Windsor’s AM800 CKLW celebrated the station’s 90th anniversary this week.
CKLW first launched on June 2, 1932 as CKOK. The station adopted the CKLW call letters when Essex Broadcasters, a group of Windsor-area business owners, merged with the London Free Press and its station CJGC (now CFPL) London. The “LW” in CKLW stood for London-Windsor.

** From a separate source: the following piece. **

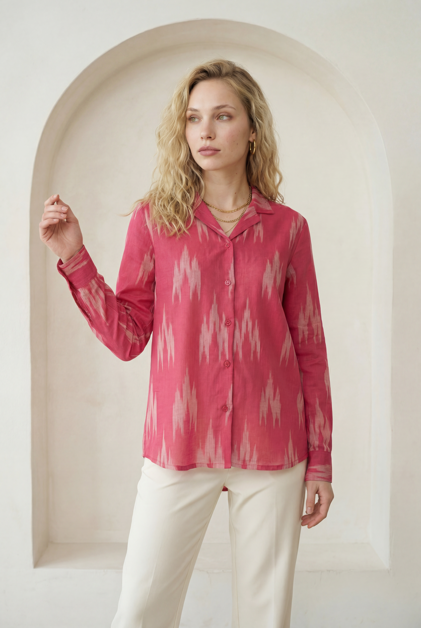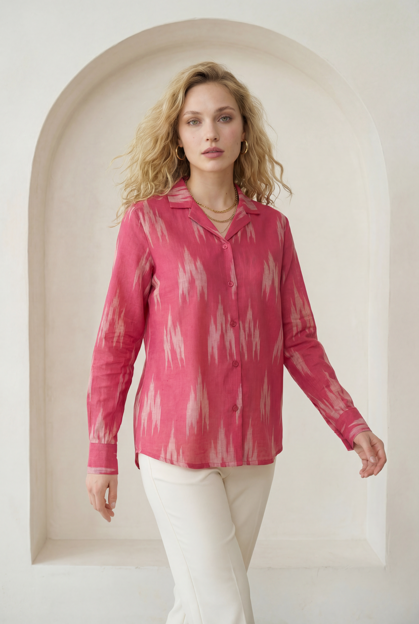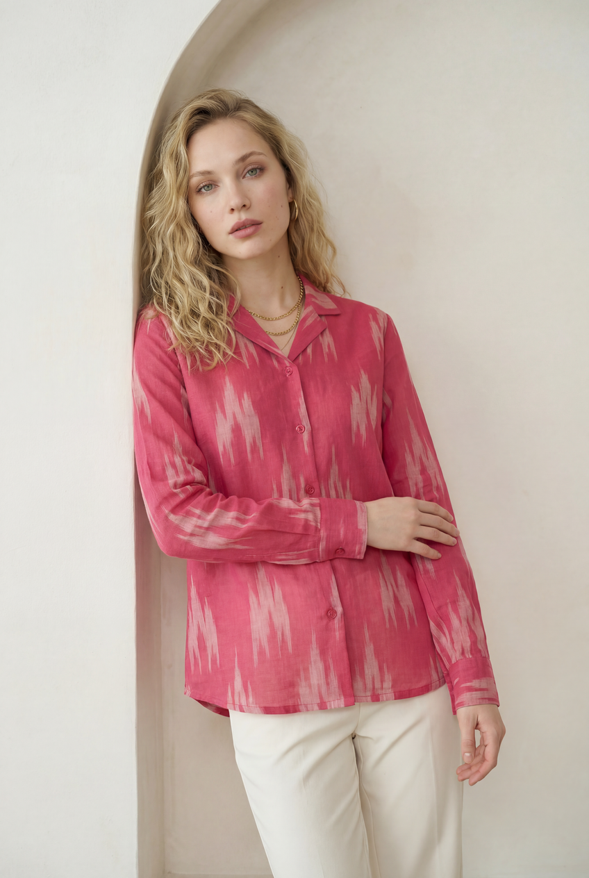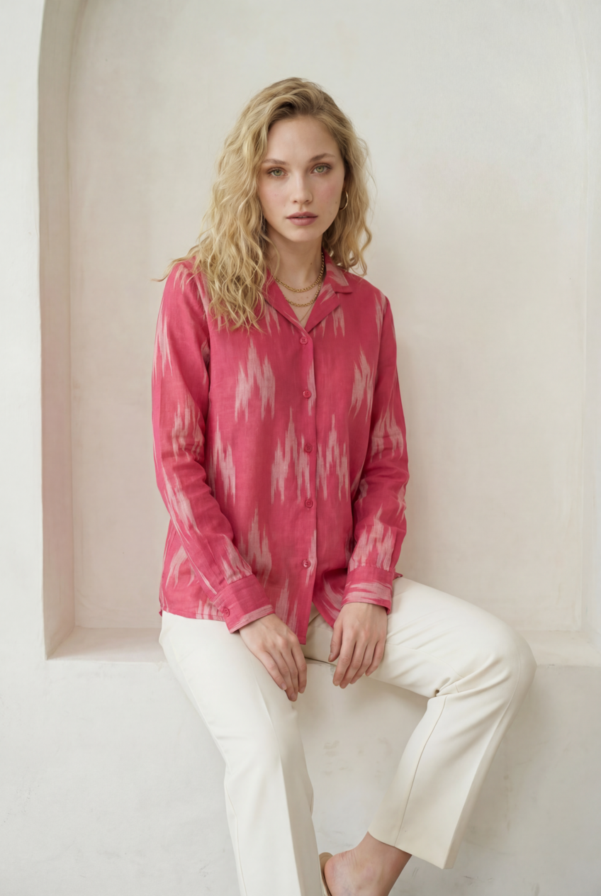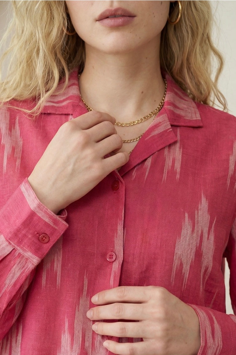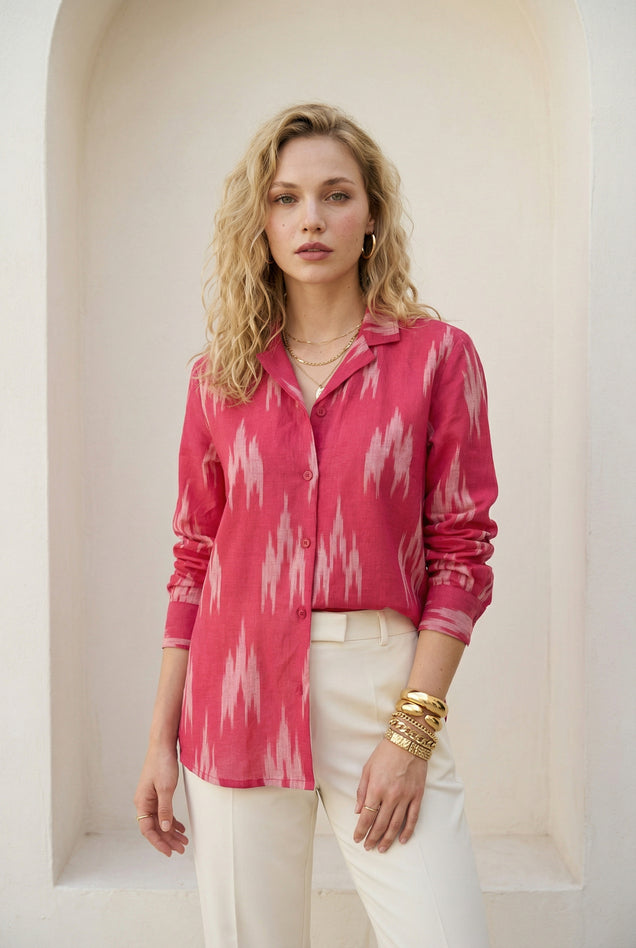 Fuchsia Pink Ikat Lapel Collared Shirt

Serving Southwestern Ontario and Metro Detroit, the station has gone through many formats, ownership and branding changes over the year. By the early 1960s, it was known as “Radio-Eight-Oh” and playing contemporary hits. In 1967, CKLW entered its heyday, transformed into “The Big 8” with the adoption of the “Boss Radio” format that had rocketed stations like KHJ Los Angeles to the top of the ratings. CKLW’s talent lineup included names like Pat Holiday, Mike Rivers, Charlie Van Dyke, Grant Hudson and Byron MacGregor, among others. Influential music director Rosalie Trombley famously guided the station’s playlist during the Big 8 years, credited with breaking numerous acts into the Top 40 CHR charts because of CKLW’s vast reach.
When Canadian Content regulations came into effect in the early ’70s, the 30% CanCon rule and the rise of FM in the U.S. started to erode the music station’s ratings, and The Big 8 branding was abandoned in 1985. The station transitioned to news/talk in the early ’90s. Bell Media has owned the station since 2010.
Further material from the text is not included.